[Extracted material — start]

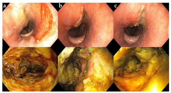 Endoscopic view of the upper respiratory area (upper row) and interior of the abscess (lower row) postoperatively after washing the cavity with povidone–iodine. (a) Day 1 after surgery; (b) day 2 after surgery; (c) day 3 after surgery.
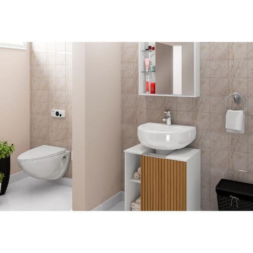 Gabinete de Coluna 1 Porta Pequin Móveis Bechara O Gabinete Pequin é ideal para você que possui um lavatório de coluna! Seu design permite que ele fique acoplado ao lavatório. Possui também rodízios que facilitam a locomoção caso necessário, e com isso dispensa a fixação na parede. Possui uma porta com 4 nichos internos e 2 nichos ao lado da porta. Possui amplo espaço proporcionando várias opções para organizar seus pertences. O Puxado é uma chapa de alumínio discreta e elegante na parte superior da porta. Necessita Montagem Não Possui Gavetas Não Possui Prateleiras 03 Ambiente Banheiro Cor Predominante Marrom Material Principal MDP Rodízio com Trava Não Linha ou Coleção Pequin Link Manual de Montagem Clique aqui para baixar Possui Portas 01 Estilo Contemporâneo Cor Madeira Rústica/3D Suporta até (kg) 10 kg Recomendações de Uso, Manutenção e Limpeza Recomenda-se limpar o produto com flanela ou pano macio seco, não utilizar produtos abrasivos, desengordurantes, álcool ou solvente. Mantê-lo em lugar livre de umidade e/ou exposição direta ao sol. Possui Rodízio Sim Tipo de Porta Bater Possui Pés 04 Acompanha Cuba Não Material da Prateleira MDP Acabamento da Prateleira Pintura UV Escala de Brilho da Prateleira Semi-Brilho Material da Porta MDP Acabamento da Porta Pintura UV Material dos Pés Plástico Acabamento dos Pés Pintura Escala de Brilho da Porta Semi-Brilho Tipo de Dobradiça/Corrediça da Porta Metálica Sapatas Niveladoras Não Tipo de Puxador da Porta Embutido Profundidade 37,5 cm Cor Interna Madeira Rústica Altura dos Pés 5 cm Largura 55,3 cm Acabamento Pintura UV Garantia 03 meses Altura 61,5 cm Peso 12,9 kg Itens Inclusos 1 Gabinete de Coluna e Manual de Montagem.
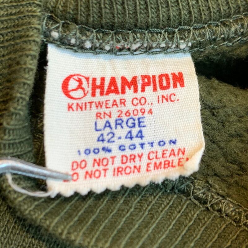60年代頃のChampionラグランスウェットです。インCと呼ばれるランタグが付きます。フロントにはUniversity of Nebraskaのフロッキープリントが入ります。襟元2本針、その他は4本針。左袖に小さなダメージがあります。若干のヤケはございますが、かなり綺麗な個体だと思います。表記サイズはLARGE。身幅は広く着丈はやや短めです。タグもダメージは無く、フロッキーもしっかりと残っています。お探しだった方はこの機会に是非いかがでしょうか。
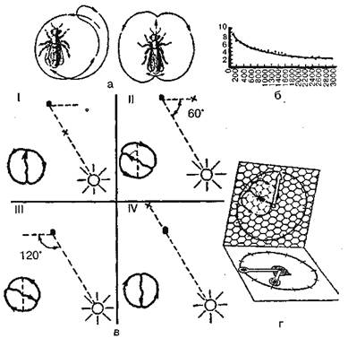 Рис. 38. «Танцы пчел». Обозначения: а — «круговой танец» (слева) и «виляющий» (справа); б — интенсивность выполнения «виляющих танцев» как показатель расстояния до местонахождения источника пищи (на оси ординат отмечено число «танцев» за 15 секунд, на оси абсцисс — расстояние до пищи в метрах); в — «виляющий танец» как показатель направления полета к источнику пищи: I — навстречу солнцу, II — под углом 60° налево от положения солнца, III — направо от положения солнца, IV — от солнца. Точка — местонахождение улья, крестик — местонахождение пищи. Изображение «танцев» следует представить себе на вертикальной плоскости (по Фришу); г — схема, иллюстрирующая транспозицию угла полета по отношению к положению солнца (горизонтальная плоскость) на вертикальную плоскость сот, на которых пчела выполняет «виляющий танец» (по Кэстнеру) бей об этих свойствах. Несмотря на всю сложность и точность, система коммуникации медоносной пчелы в принципе не отличается от любой другой системы общения у животных. Переводятся ли истинные пространственные параметры в сигналы, воспринимаемые с помощью зрения, осязания и чувства силы тяжести, как это имеет место у медоносной пчелы, или же в сигналы, воспринимаемые хеморецепцией (муравьи), — информация в любом случае передается в трансформированном, условном виде. Здесь как нельзя нагляднее выступают характер и функциональное значение психики у животных.
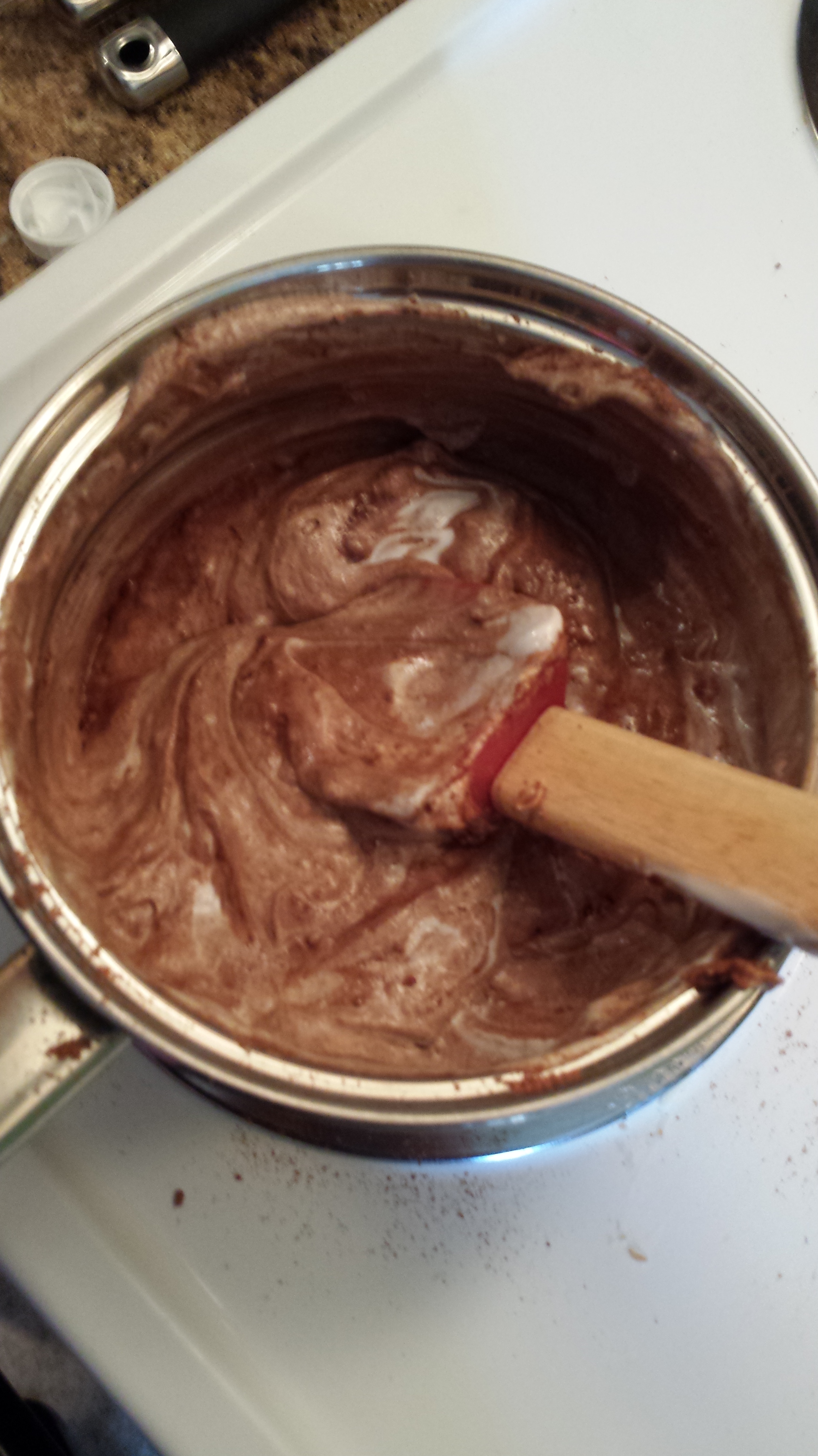 Now, here’s where it got a little iffy. Ganache is a wonderful combination of heavy cream and chocolate. You put it over heat and mix and wait til it’s a beautiful shiny smooth texture. But, now, we can’t have heavy cream and my OH can’t have chocolate. So, since he was home by this time, we worked on it together. And I might get in trouble, but I’ll tell you our secret (just don’t tell him I told you).
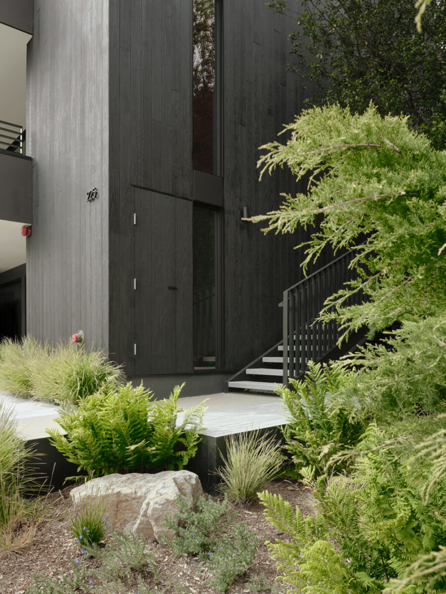 On the exterior, outdated aluminum panels from a previous renovation were removed. As a replacement, the design team sought a material that paid homage to the home’s original plywood siding but delivered more protection against the elements. We provided several product samples that were critical to making the final decision on aesthetics and articulation of the boards. After working through the sample selections with our Specification Consultant, a CUSTOM Shou Sugi Ban cladding in a simple T&G profile was selected to keep the vertical lines subtle, and to further increase the longevity of the exterior.

[Extracted material — finish]

Problem requirements -> Reproduce every entry exactly, but omit each picture.

Exercise output ->
 Endoscopic view of the upper respiratory area (upper row) and interior of the abscess (lower row) postoperatively after washing the cavity with povidone–iodine. (a) Day 1 after surgery; (b) day 2 after surgery; (c) day 3 after surgery.
 Gabinete de Coluna 1 Porta Pequin Móveis Bechara O Gabinete Pequin é ideal para você que possui um lavatório de coluna! Seu design permite que ele fique acoplado ao lavatório. Possui também rodízios que facilitam a locomoção caso necessário, e com isso dispensa a fixação na parede. Possui uma porta com 4 nichos internos e 2 nichos ao lado da porta. Possui amplo espaço proporcionando várias opções para organizar seus pertences. O Puxado é uma chapa de alumínio discreta e elegante na parte superior da porta. Necessita Montagem Não Possui Gavetas Não Possui Prateleiras 03 Ambiente Banheiro Cor Predominante Marrom Material Principal MDP Rodízio com Trava Não Linha ou Coleção Pequin Link Manual de Montagem Clique aqui para baixar Possui Portas 01 Estilo Contemporâneo Cor Madeira Rústica/3D Suporta até (kg) 10 kg Recomendações de Uso, Manutenção e Limpeza Recomenda-se limpar o produto com flanela ou pano macio seco, não utilizar produtos abrasivos, desengordurantes, álcool ou solvente. Mantê-lo em lugar livre de umidade e/ou exposição direta ao sol. Possui Rodízio Sim Tipo de Porta Bater Possui Pés 04 Acompanha Cuba Não Material da Prateleira MDP Acabamento da Prateleira Pintura UV Escala de Brilho da Prateleira Semi-Brilho Material da Porta MDP Acabamento da Porta Pintura UV Material dos Pés Plástico Acabamento dos Pés Pintura Escala de Brilho da Porta Semi-Brilho Tipo de Dobradiça/Corrediça da Porta Metálica Sapatas Niveladoras Não Tipo de Puxador da Porta Embutido Profundidade 37,5 cm Cor Interna Madeira Rústica Altura dos Pés 5 cm Largura 55,3 cm Acabamento Pintura UV Garantia 03 meses Altura 61,5 cm Peso 12,9 kg Itens Inclusos 1 Gabinete de Coluna e Manual de Montagem.
60年代頃のChampionラグランスウェットです。インCと呼ばれるランタグが付きます。フロントにはUniversity of Nebraskaのフロッキープリントが入ります。襟元2本針、その他は4本針。左袖に小さなダメージがあります。若干のヤケはございますが、かなり綺麗な個体だと思います。表記サイズはLARGE。身幅は広く着丈はやや短めです。タグもダメージは無く、フロッキーもしっかりと残っています。お探しだった方はこの機会に是非いかがでしょうか。
 Рис. 38. «Танцы пчел». Обозначения: а — «круговой танец» (слева) и «виляющий» (справа); б — интенсивность выполнения «виляющих танцев» как показатель расстояния до местонахождения источника пищи (на оси ординат отмечено число «танцев» за 15 секунд, на оси абсцисс — расстояние до пищи в метрах); в — «виляющий танец» как показатель направления полета к источнику пищи: I — навстречу солнцу, II — под углом 60° налево от положения солнца, III — направо от положения солнца, IV — от солнца. Точка — местонахождение улья, крестик — местонахождение пищи. Изображение «танцев» следует представить себе на вертикальной плоскости (по Фришу); г — схема, иллюстрирующая транспозицию угла полета по отношению к положению солнца (горизонтальная плоскость) на вертикальную плоскость сот, на которых пчела выполняет «виляющий танец» (по Кэстнеру) бей об этих свойствах. Несмотря на всю сложность и точность, система коммуникации медоносной пчелы в принципе не отличается от любой другой системы общения у животных. Переводятся ли истинные пространственные параметры в сигналы, воспринимаемые с помощью зрения, осязания и чувства силы тяжести, как это имеет место у медоносной пчелы, или же в сигналы, воспринимаемые хеморецепцией (муравьи), — информация в любом случае передается в трансформированном, условном виде. Здесь как нельзя нагляднее выступают характер и функциональное значение психики у животных.
 Now, here’s where it got a little iffy. Ganache is a wonderful combination of heavy cream and chocolate. You put it over heat and mix and wait til it’s a beautiful shiny smooth texture. But, now, we can’t have heavy cream and my OH can’t have chocolate. So, since he was home by this time, we worked on it together. And I might get in trouble, but I’ll tell you our secret (just don’t tell him I told you).
 On the exterior, outdated aluminum panels from a previous renovation were removed. As a replacement, the design team sought a material that paid homage to the home’s original plywood siding but delivered more protection against the elements. We provided several product samples that were critical to making the final decision on aesthetics and articulation of the boards. After working through the sample selections with our Specification Consultant, a CUSTOM Shou Sugi Ban cladding in a simple T&G profile was selected to keep the vertical lines subtle, and to further increase the longevity of the exterior.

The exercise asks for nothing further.